Einstein Healthcare Network operates an outpatient healthcare facility in King of Prussia. The Children's Hospital of Philadelphia's 135000 sqft "Specialty Care and Surgery Center" opened in King of Prussia in 2015. The Gulph Road facilities includes practices in sports medicine, oncology, and pediatric imagery. The facility is part of a larger site known the Village at Valley Forge. On January 26, 2022, the Children's Hospital of Philadelphia opened the Middleman Family Pavilion, an 250000 sqft hospital, in King of Prussia.

==Notable people==
- The Bloodhound Gang – A comedic rock band originating in the early '90s from King of Prussia.
- Jobriath Boone – Folk and glam rock musician and actor, and the first openly gay rock musician signed to a major record label.
- Charlie Brenneman – Mixed martial arts competitor.
- Brianna Butler – Basketball player in the Women's National Basketball League.
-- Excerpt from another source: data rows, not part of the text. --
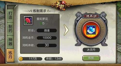 更高的战力、更完美的特点、更公平的交易准则。将会给各位玩家带来不一样的百炼成丹的体验!想要成为江湖人人求之的一流炼丹大师就速来和小编一同拜读炼丹终极攻略吧! 首先点击头像,炼丹体系在【制造】界面,炼制需耗费【曼陀罗花】、金币和体能,珍贵的曼陀罗花需经过少室山及护卫雁门关任务获取,完结日常任务添加活跃度,也能获取【曼陀罗花】。
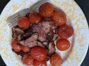 トマトと鴨を炒めただけのやつですが、お皿かわいいとこましに見えませんか?
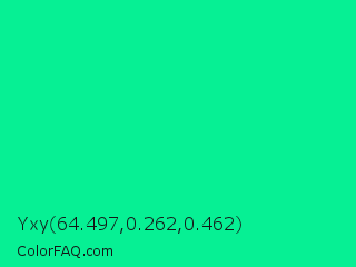 Yxy 64.497,0.262,0.462 Color is a normal green color and the nearest color is Medium Spring Green #00fa9a. Hex code #06f094 and RGB value is rgb(6,240,148). In RGB color space, this color is composed of 2% red, 94% green, 58% blue, In CMYK color space, this color is composed of 98% cyan, 0% magenta, 38% yellow , 6% black , In HSL color space, this color has a hue angle of 156° , 95% saturation and 48% lightness.
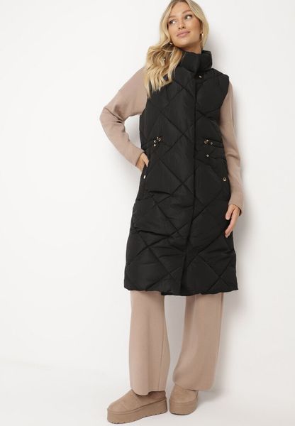 Czarna Pikowana Kamizelka o Długim Kroju ze Stójką i Kieszeniami Avatheia
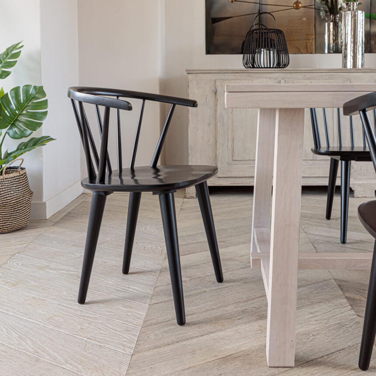 This wonderfully unassuming and elegant wood dining chair will slot nicely into many homes. A classic design has been updated for the modern home, with more than a hint of timeless Victorian farmhouse influence. A lovely lacquered black coat finish is applied to the rubberwood design, with a seat that is set to ever so slightly backward tilt for optimum comfort. A horseshoe band of wood binds the strut design and also acts as a handy elbow rest, all the while staying true to the time honoured Windsor design of this wooden dining chair. This classic wooden furniture will easily pair with a number of dining tables but we especially recommend adding to the sleek. Kitsilano Solid Oak Dining Table. , where it features in our. Kitsilano pre-determined dining sets. If you like this chair, we also have a. Matching dining bench. Check out the other. Colour variations. Of this chair – Grey, True White and Whitewash.
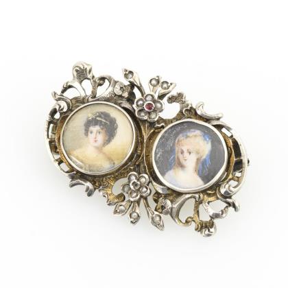 2 gerahmt verglaste Damenminiaturen in floralem Rahmen. Kugelhaken
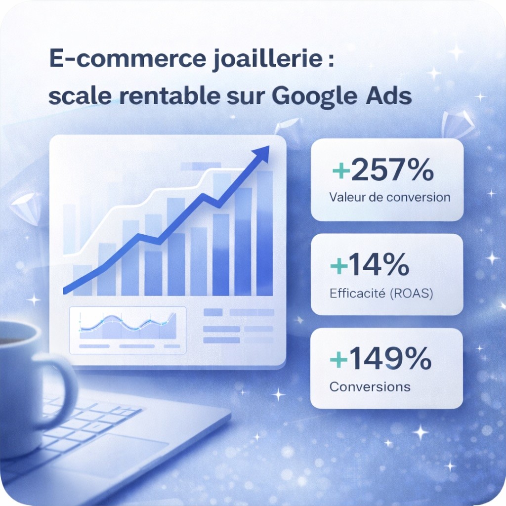 Une expertise Google Ads e-commerce, orientée marge et croissance.
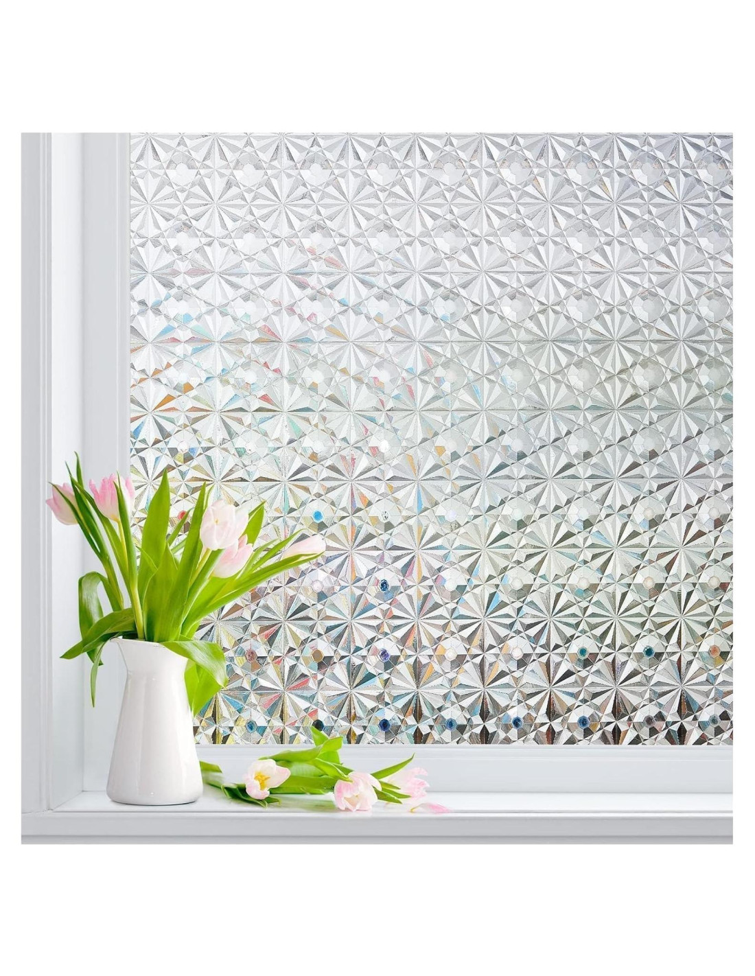 - Diseño de Diamante 3D y Privacidad: Mejora tus ventanas con impresionantes efectos de diamante 3D, ofreciendo un 96% de privacidad. Di adiós a las miradas curiosas, evitando que los perros ladren mientras añades un toque de elegancia decorativa. Perfecto para salas de estar, dormitorios y oficinas, el tamaño más grande proporciona una cobertura más amplia para ventanas de bahía o puertas de patio.
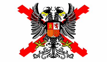 These flags vary somewhat, the typical design including a Celtic cross instead of the Spanish coat of arms.
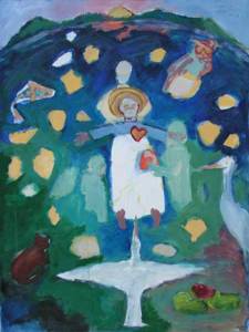 (Image info: Painting by artist Leslie Johnson as her way of sending metta during my surgery.)
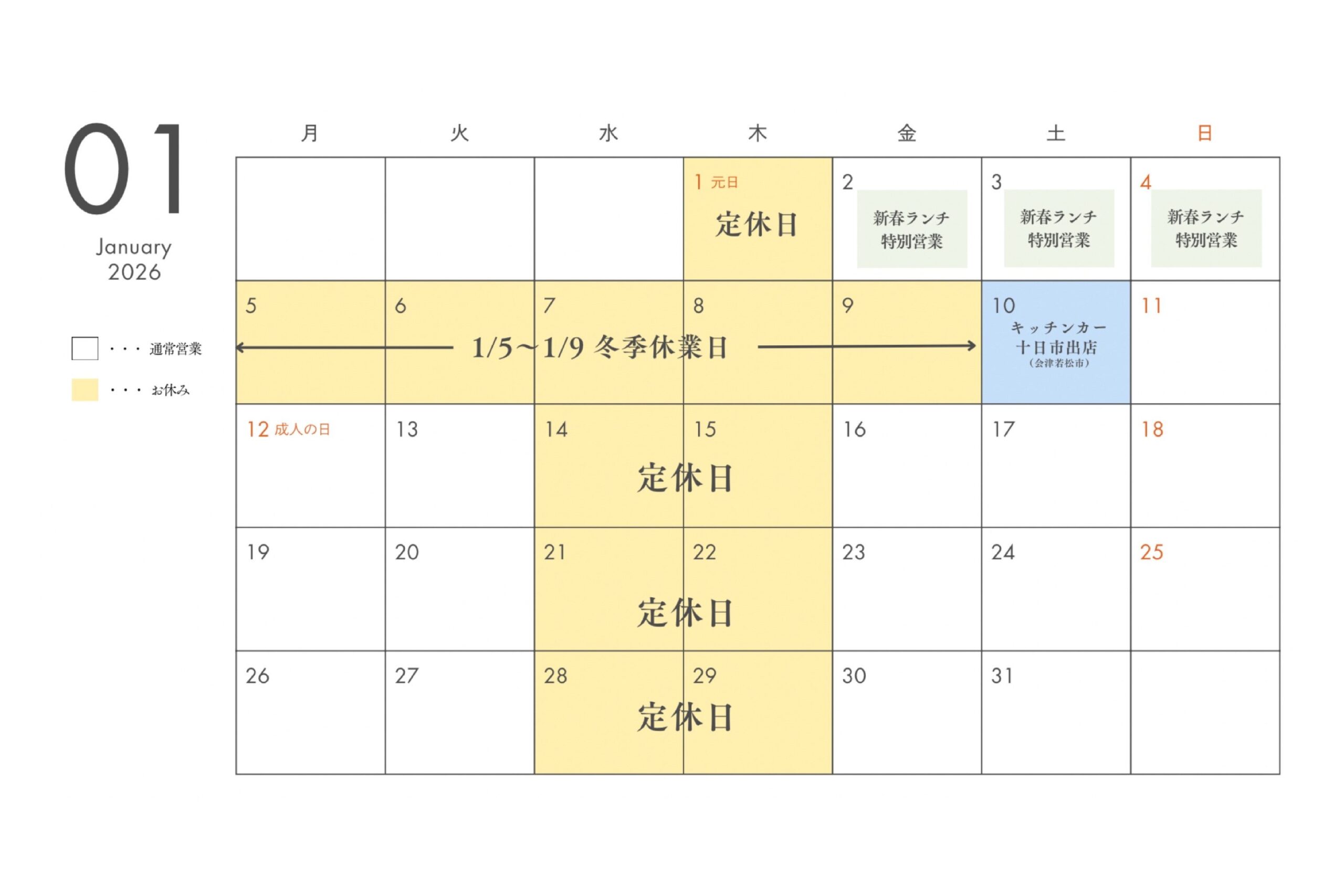 ※成人の日に伴い、第2週目は10日(土)と11日(日)に営業いたします。
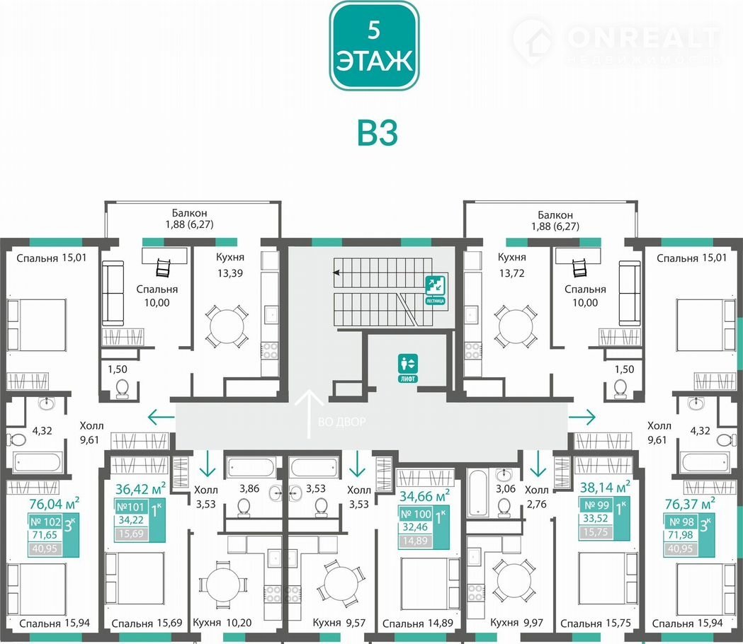 Квартал состоит из 14 секций, этажность каждой секции – 9
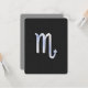 A silver chrome like Scorpio zodiac symbol on a charcoal black snake skin texture print decor. A modern urban racy design for a great custom birthday gift idea.
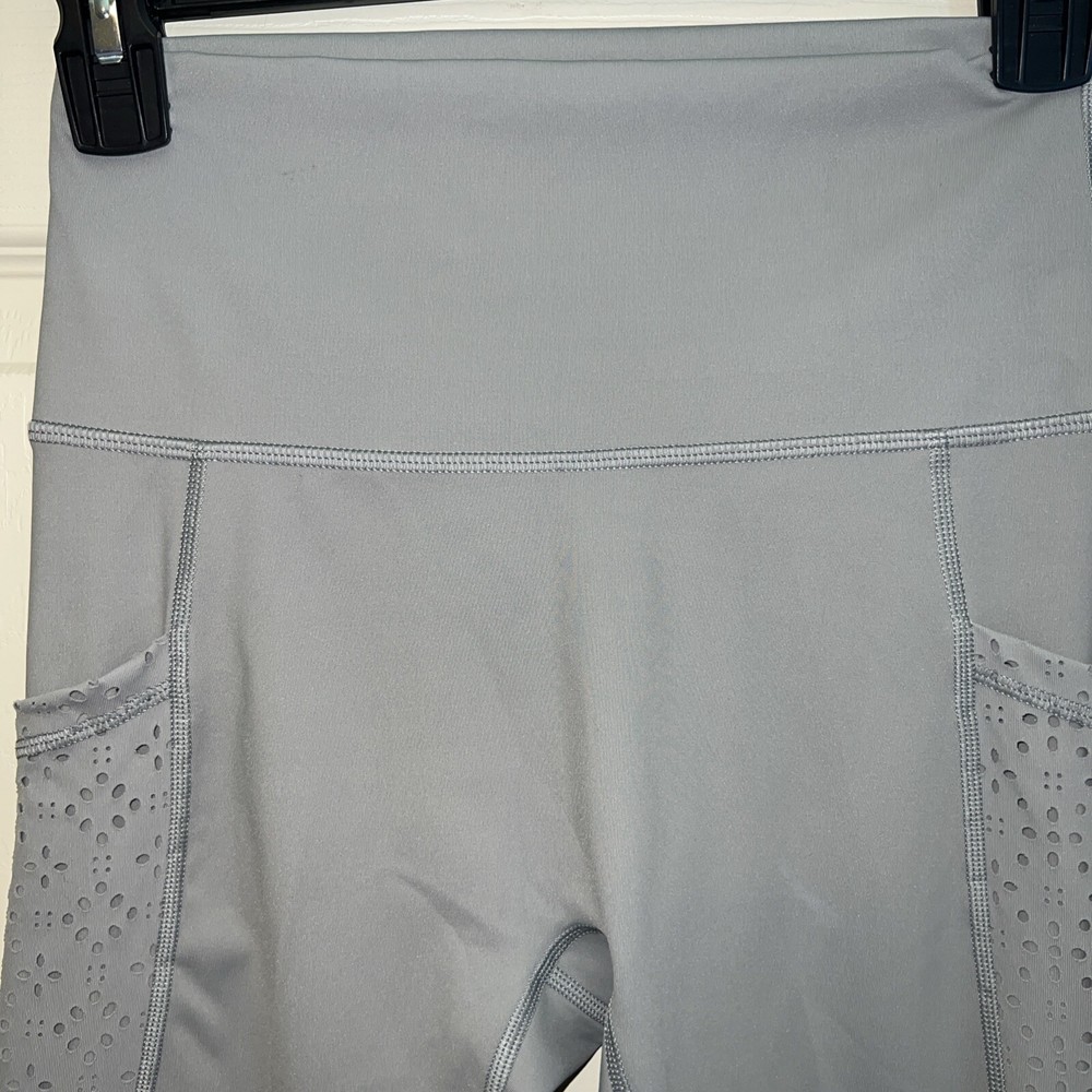 Size: M Type: Leggings Inseam: 26 in Style: Ankle Features: Comfort, Elastic Waist, Stretch Fabric Wash: Medium Rise: High (Greater than 10.5 in) Color: Gray Department: Women Pattern: Solid Waist Size: 24 in Brand: Aerie Size Type: Regular
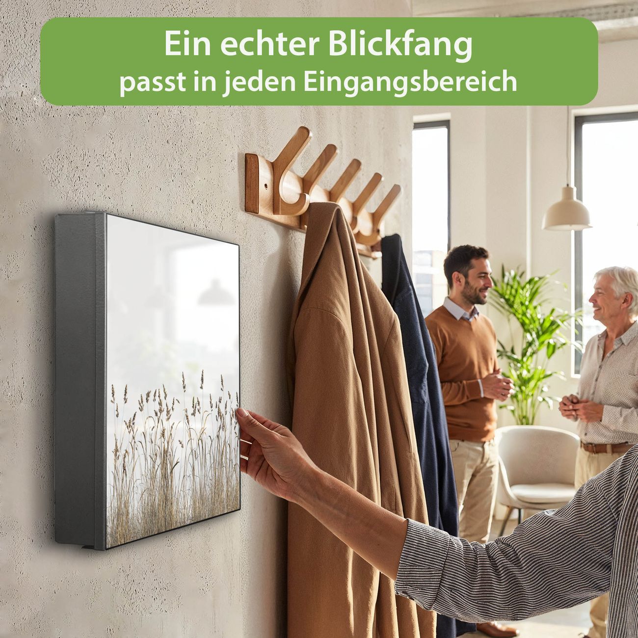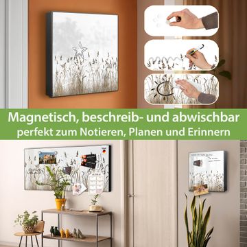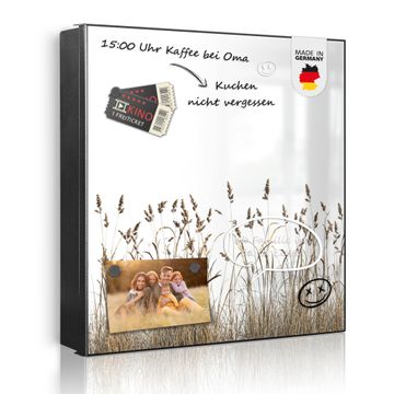 Bringe Ordnung und Eleganz in deinen Eingangsbereich mit dem banjado Schlüsselkasten Motiv Motiv Wilde Gräser. Die moderne Schlüsselbox kombiniert funktionales Design mit hochwertiger Verarbeitung und wird so zu einem echten Hingucker in Flur, Büro oder Ferienwohnung. ✅ Stilvolle Schlüsselaufbewahrung mit Motiv Motiv Wilde Gräser Der Design-Schlüsselkasten Motiv Motiv Wilde Gräser bietet Platz für bis zu 32 Schlüssel, die auf 4 stabilen Reihen mit je 8 Haken übersichtlich verstaut werden. Mit seinen kompakten Maßen von 30 x 30 x 5 cm passt die Schlüsselbox perfekt auch in kleinere Räume. Der schwarz lackierte Stahlkorpus mit links angeschlagenem Türscharnier harmoniert mit gedruckten Folie auf der Front und fügt sich nahtlos in jedes Wohnambiente ein. Ob als Schlüsselorganizer für Zuhause oder als praktische Lösung für Büros, Praxen und Gewerbe, der banjado Schlüsselkasten sorgt für Ordnung und Übersicht. Dank der magnetischen, mit Kreidestiften beschreibbaren Folie auf der Front kannst du Notizen anheften oder Termine direkt auf der Oberfläche festhalten. Die Schlüsselbox Motiv Motiv Wilde Gräser zur Wandmontage wird inklusive Befestigungsmaterial geliefert und ist schnell angebracht. So hast du deine Schlüssel jederzeit griffbereit und zugleich stilvoll verstaut. Mit diesem banjado Schlüsselkasten Motiv Motiv Wilde Gräser kombinierst du praktische Aufbewahrung mit stilvollem Wohndesign. Ob privat oder geschäftlich, die Schlüsselbox sorgt für mehr Ordnung, Übersicht und ein wohnliches Ambiente.Vorteile im Überblick

- William Colepaugh – American seaman who became a German spy during World War II.
- Michael J. Fitzgerald – Roman Catholic priest who is an auxiliary bishop of the Archdiocese of Philadelphia.
- Greg Gianforte – Businessman, former U.S. Representative from Montana, and Governor of Montana.
- Kathy Jordan – Professional tennis player.
- Ann Li – Tennis player.
- Bill Nuttall – Former soccer player and owner of Golden Viking Sports.
- Bob Odell – Former football halfback and coach.
- Rafael Robb – Economist and former college professor who confessed to murdering his wife.
- Jonathan Roberts – U.S. Representative and U.S. Senator from Pennsylvania in the 19th century.
- Lisa Salters – ESPN sports reporter.
- Fred Sherman – Economist, businessman, and business commentator.
- Artie Singer – Songwriter, music producer, and bandleader.
- Jay C. Smith – Former principal at Upper Merion Area High School who was convicted of murder.
- Blair Thomas – Former National Football League running back.